Anyway.... I was so tired last night... I had our first track practice after a long day of teaching and a morning workout. I went to bed last night, my knee feeling stiff, and worrying that I was going to wake up and barely able to walk. So I made a conscious decision to not get up to go to the gym this morning. Surprisingly I woke up and didn't feel overly stiff... so, that's good. I made it through the day and coached again tonight, and feel much more energetic than last night. Coaching was awesome tonight. I have a group of kids who are very coachable... some of the kids are new to the sport and do not know what to expect. We did a lot of conditioning drills and the kids were into it. It's going to be a great season... I may not have as many star throwers as I had last year, BUT... their attitudes are awesome and they are young... so... it is a building year... but I may have a couple of kids who surprise the heck out of people! Fun.

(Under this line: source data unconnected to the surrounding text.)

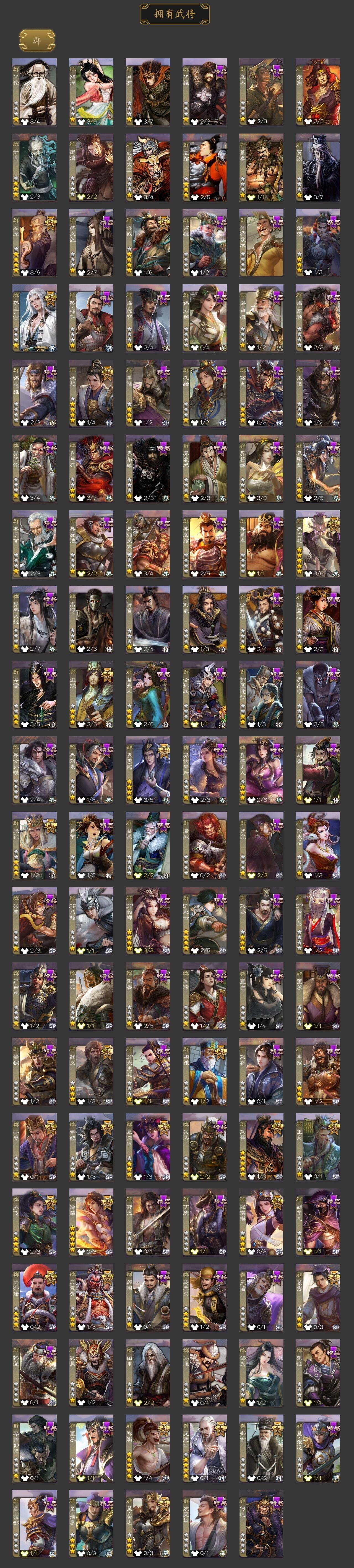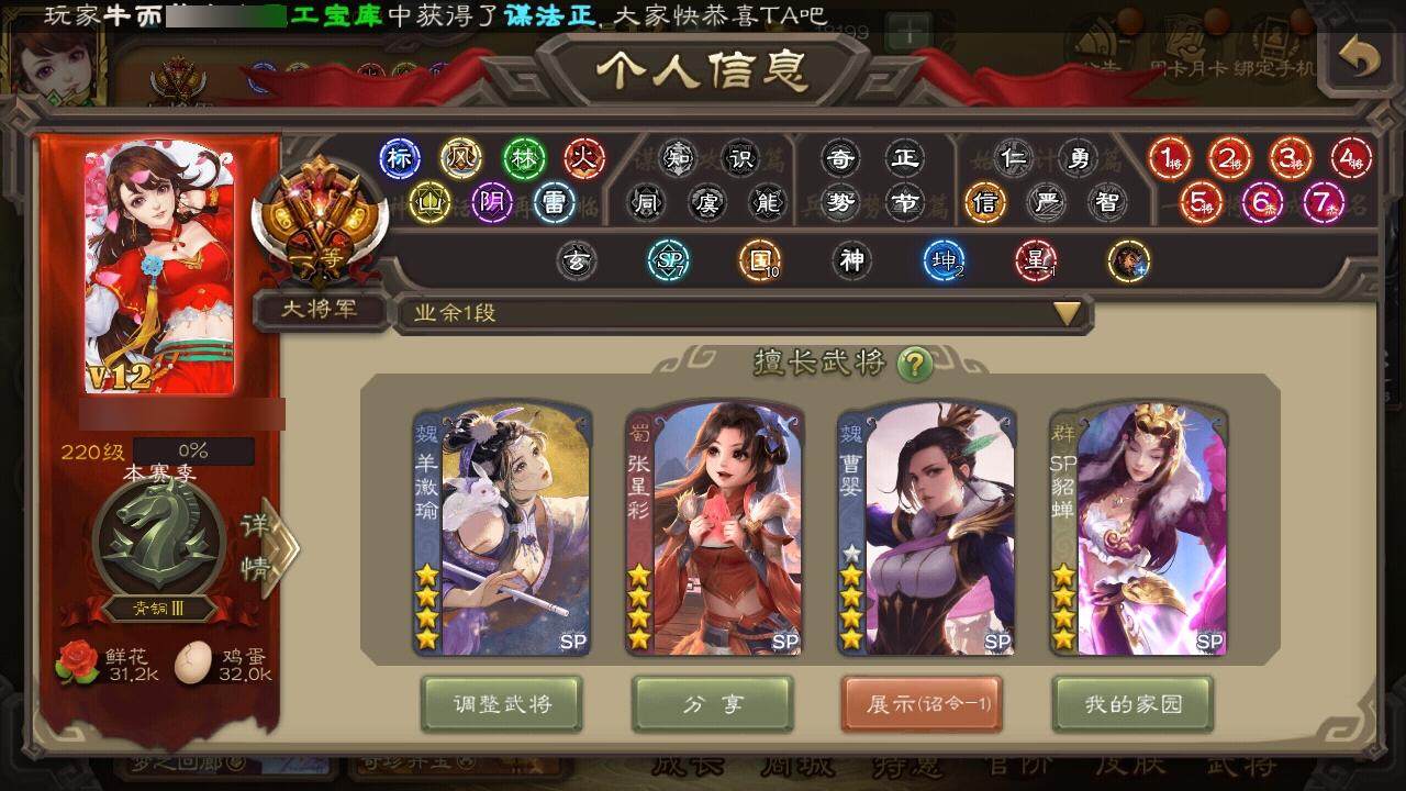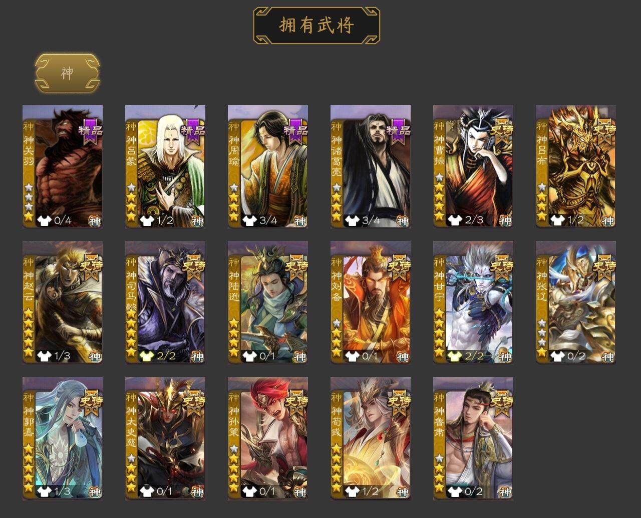 [15182093]【815】官阶:大将军;vip等级:vip12;史诗武将数量:80;动态皮肤数量:67;武将总数:463;史诗宝珠数量:37;将魂数量:13943;神将:17;魏国史诗武将:50;蜀国史诗武将:13;吴国史诗武将:9;群史诗武将:25 神曹操神吕布神赵云神司马懿神陆逊神刘备神甘宁神张辽神郭嘉神太史慈神孙策神荀彧神关羽神吕蒙神周瑜神诸葛亮神鲁肃sp司马昭王粲杨修羊徽瑜文鸯王元姬王凌马钧界钟会界于禁界曹真嵇康郝昭陈琳曹婴曹纯戏志才刘晔清河公主关索马云騄谋赵云谋马超诸葛瞻周群赵襄张星彩王平沙摩柯谯周界黄忠董允周处吴景孙皓骆统留赞界朱然界徐盛界步练师贺齐裴秀左慈郑玄张让张琪瑛徐荣星黄忠王允陶谦苏飞审配麹义庞德公祢衡刘焉沮授界左慈界李儒公孙康杜预卑弥呼张绣李傕许攸势于吉神郭嘉-虎年清明动态神荀彧-虎年清明动态神甘宁-战破无间神甘宁-万人辟易动态神诸葛亮-风舞魔鸟动态神吕蒙-兼资文武动态神周瑜-陵光引灵动态神周瑜-焰腾麒麟动态神诸葛亮-观星唤雨神诸葛亮-孟章诛邪动态神司马懿-徐图大略神曹操-天下归心神曹操-玄天通冥动态神吕布-监兵噬魅动态神赵云-战龙在野动态神司马懿-鉴往知来动态sp蔡文姬-兔年冬日动态司马懿-鹰视狼顾动态张辽-登峰陷阵动态郭嘉-十胜十败动态曹丕-猪年端午动态邓艾-神兵天降动态王基-独秉固志动态郝昭-死守陈仓动态王粲-笔翰如流动态界司马懿-鹰视狼顾动态界张辽-登峰陷阵动态界郭嘉-十胜十败动态界曹丕-猪年端午动态界邓艾-神兵天降动态张春华-牛年立冬动态张春华-宣穆夜袭动态王异-轻燕掠影动态曹真-虎年春节动态钟繇-稳定关右动态界王异-轻燕掠影动态辛宪英-鼠年春节动态戏志才-举棋若定动态曹婴-锋芒毕露动态羊徽瑜-牛年中秋动态清河公主-魅影萦心动态卧龙诸葛-龙跃凤鸣动态刘备-猪年圣诞动态刘备-明良千古动态关羽-啸风从龙动态马超-牛年春节动态马超-西凉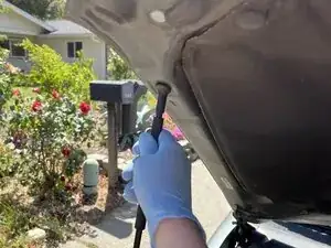 Осторожно отпустите капот, убедившись, что опорный стержень надёжно зафиксирован.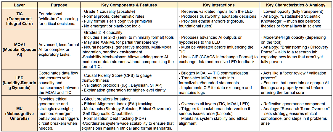 At the heart of CCACS lies a four-layer design that integrates formal reasoning with advanced AI under strict oversight. The table below provides a snapshot of these layers and their core responsibilities.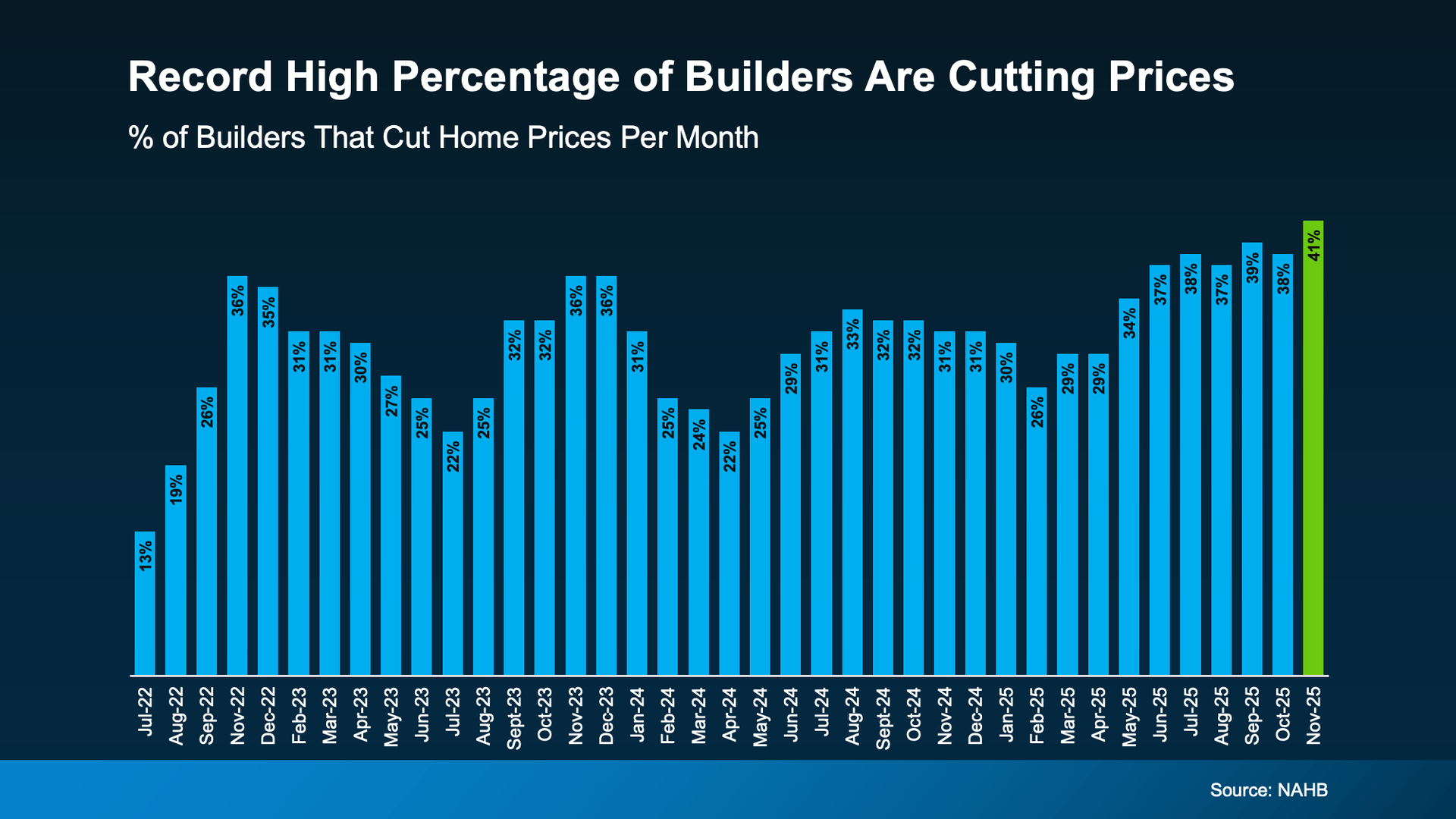 “. . . 41% of builders reported cutting prices in November, a record high in the post-Covid period and the first time this measure has passed 40%.”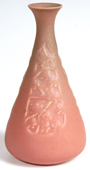 ROOKWOOD PINK MAT GLAZE VASE W/MOLDED DESIGNS |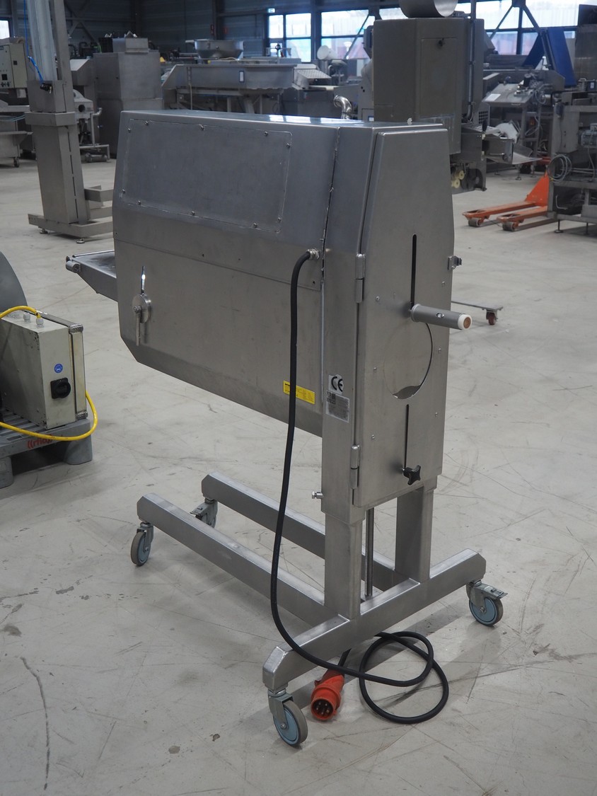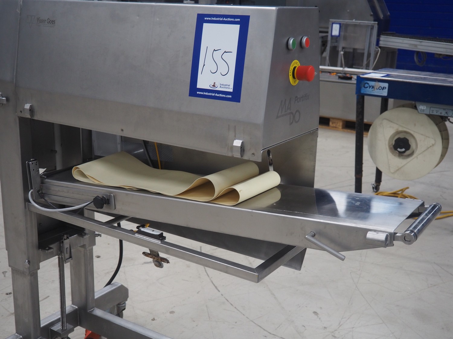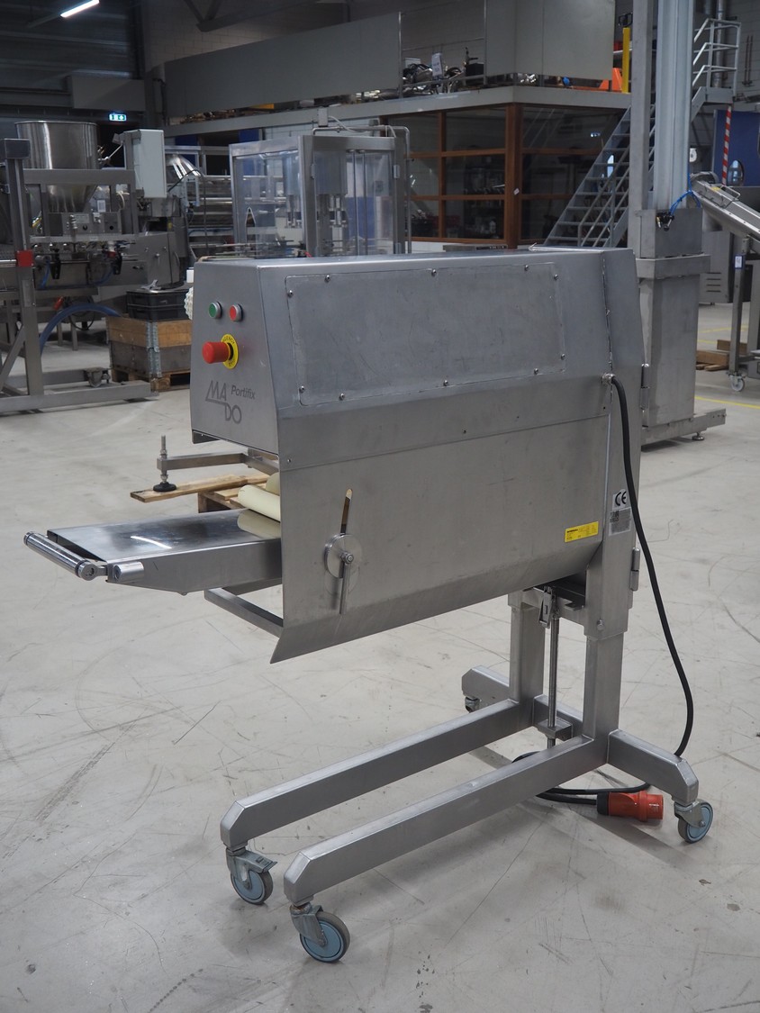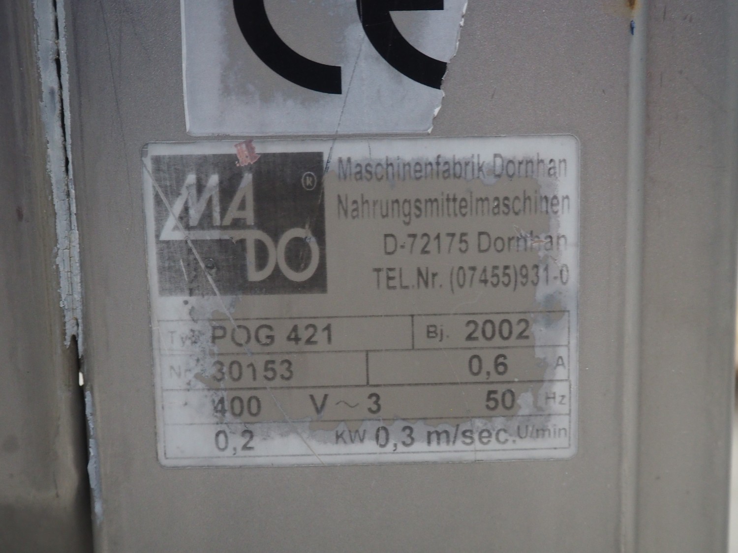 Mado mobile portioning machine, type: POG 421, number: 30153, year of construction: 2002, 400 V, 3 Ph, 50 Hz, 0.6 A, 0.2 kW, plastic belt, belt width: 195 mm, diameter clearance: 160 mm, total dimensions: 1480 mm x 760 mm x 1330 mm. Incomplete.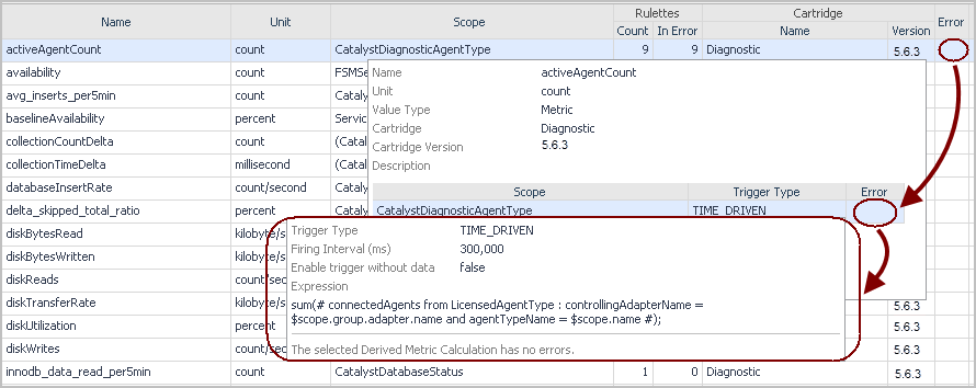 If a derived metric instance has any errors associated with it, the Error column contains the error indicator. Drill down on an error indicator. Displays a message that can help you diagnose the problem.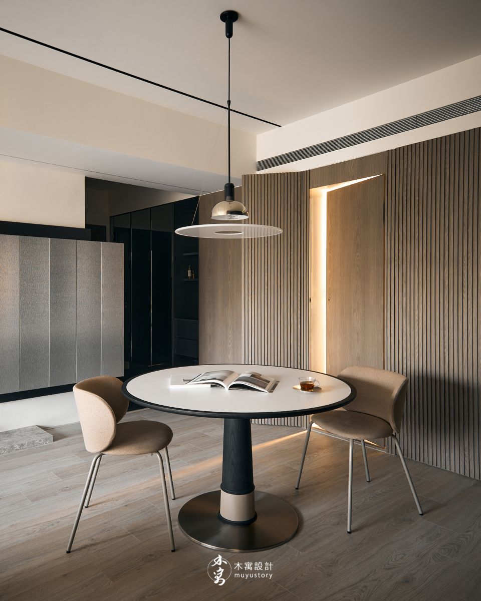 異材質交錯堆疊,隨著自然光線變化,讓空間在每個時刻都有不同表情。關於光、材質與日常共存的空間,藏著屋主一家人剛剛好的生活節奏。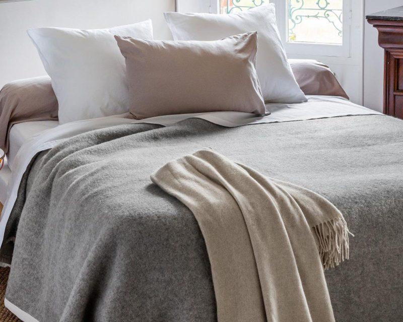 La couverture VOLNAY est tissée et confectionnée en FRANCE, en pure laine vierge 500gr/m2 et possède le label Woolmark.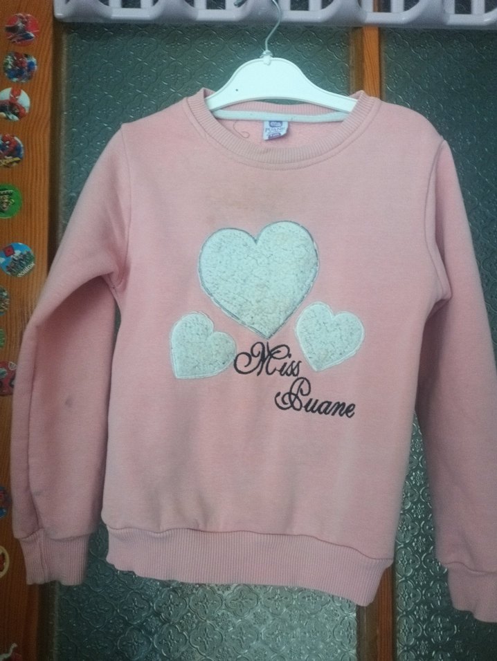Pembe renkli kız çocuk sweatshirt, uzun kollu ve yuvarlak yaka. Yumuşak tüylü kumaştan, örgü dokulu ve bol kesim. Üzerinde üç kalp ve 'Miss Suane' yazısı baskılıdır.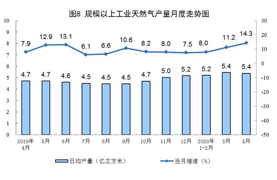 天然氣生產(chǎn)加快。4月份,生產(chǎn)天然氣161億立方米,同比增長14.3%,增速比上月加快3.1個百分點,日均產(chǎn)量5.4億立方米。1—4月份,生產(chǎn)天然氣644億立方米,同比增長10.3%。
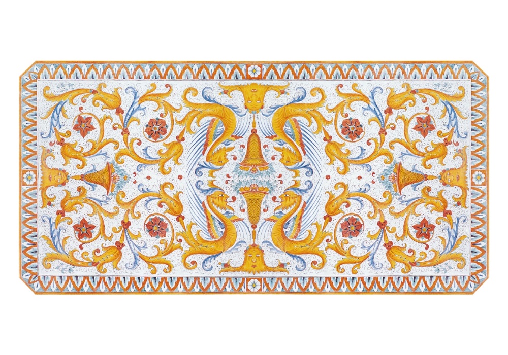 Der handbemalte rechteckige Tisch aus Umbrien ist ein Meisterwerk italienischer Handwerkskunst und inspiriert von der kunstvollen Tradition der Majolika-Malerei aus Deruta. Seine aufwendige Dekoration geht auf das 17. Jahrhundert zurück und orientiert sich an dem dekorativen Stil, den Raffael für die Fresken der Stanzen des Vatikans entwickelte. Aufgrund dieser kunsthistorischen Verbindung wird das Muster häufig als Raffael-Stil bezeichnet.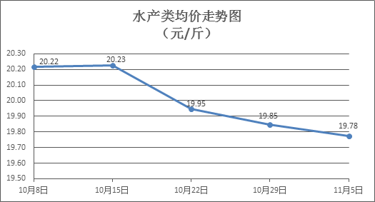 水產(chǎn)類商品價格總體略降。上周所監(jiān)測的10種水產(chǎn)商品價格波動情況為2漲7跌1平,綜合均價為19.78元/斤,環(huán)比下降0.36%。其中:草魚、鰱魚、鯽魚、羅非魚、基圍蝦零售均價分別為每斤10.94元、9.53元、14.00元、8.44元、32.42元,環(huán)比分別下降0.64%、下降0.52%、下降0.85%、持平、下降0.61%。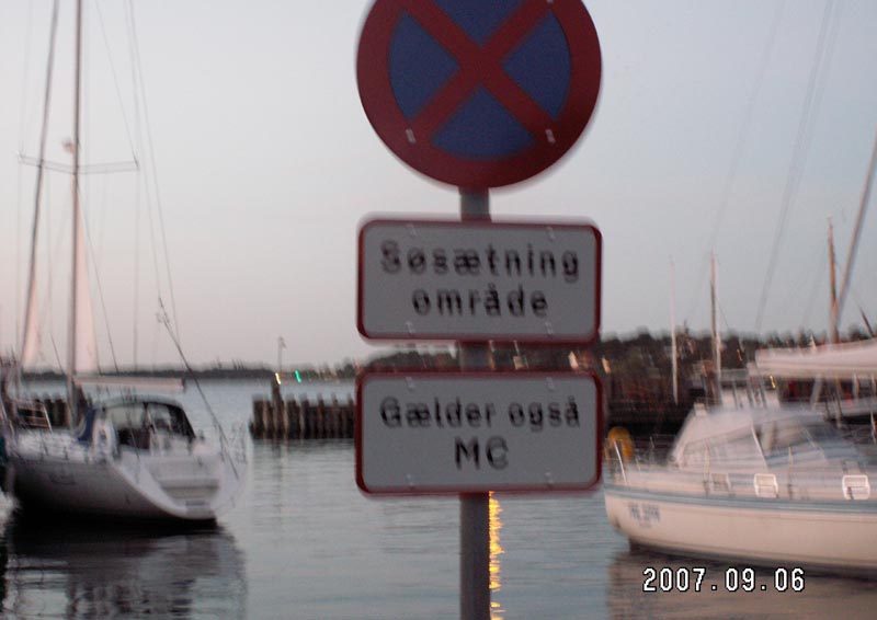 bommene. Bagefter opdagede jeg et nyt skilt hvorpå der stod, at der var søsætningsområde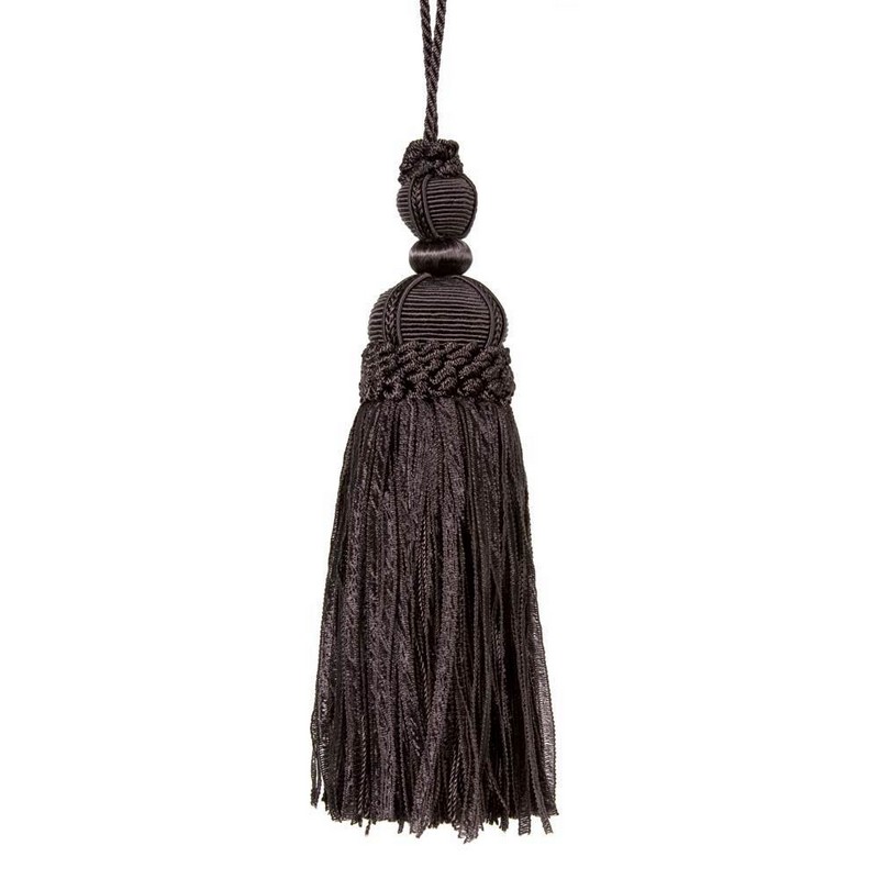| Kasmir Trim Essentials Colors: Brown Gray Key Tassel Kasmir Exclusive Rope Diameter: 1/16 Inches Overall Tassel Body:6 4/16 Inches |

The news about my knee is still settling in... and more and more I am believing that PVNS may be in my past. Though I found myself hesitating to say so yesterday, when a parent of one of my track kids asked something about my knee...remembering I had surgery (the biopsy/arthroscopy) last March... I told him I had gone through a major surgery this summer and said that I "have" a rare condition.... I started to say had when I was talking to him... and couldn't... even though I know that once the lining of my knee was removed, technically I no longer had PVNS... I still have felt like I have it... so...my brain is starting to wrap itself around this... and... I catch myself doing things... being happy... or silly... in ways I haven't been for a while.... I have been worried about how to return to my life... how I would re-enter myself... if that makes sense... and I guess it will just happen...naturally... the tentativeness to engage in physical activities is lessening... and I think that my confidence is resurfacing... I don't think it has been gone...my confidence...but I do think that I felt so bad with my knee stuff, that I felt bad in a lot of ways.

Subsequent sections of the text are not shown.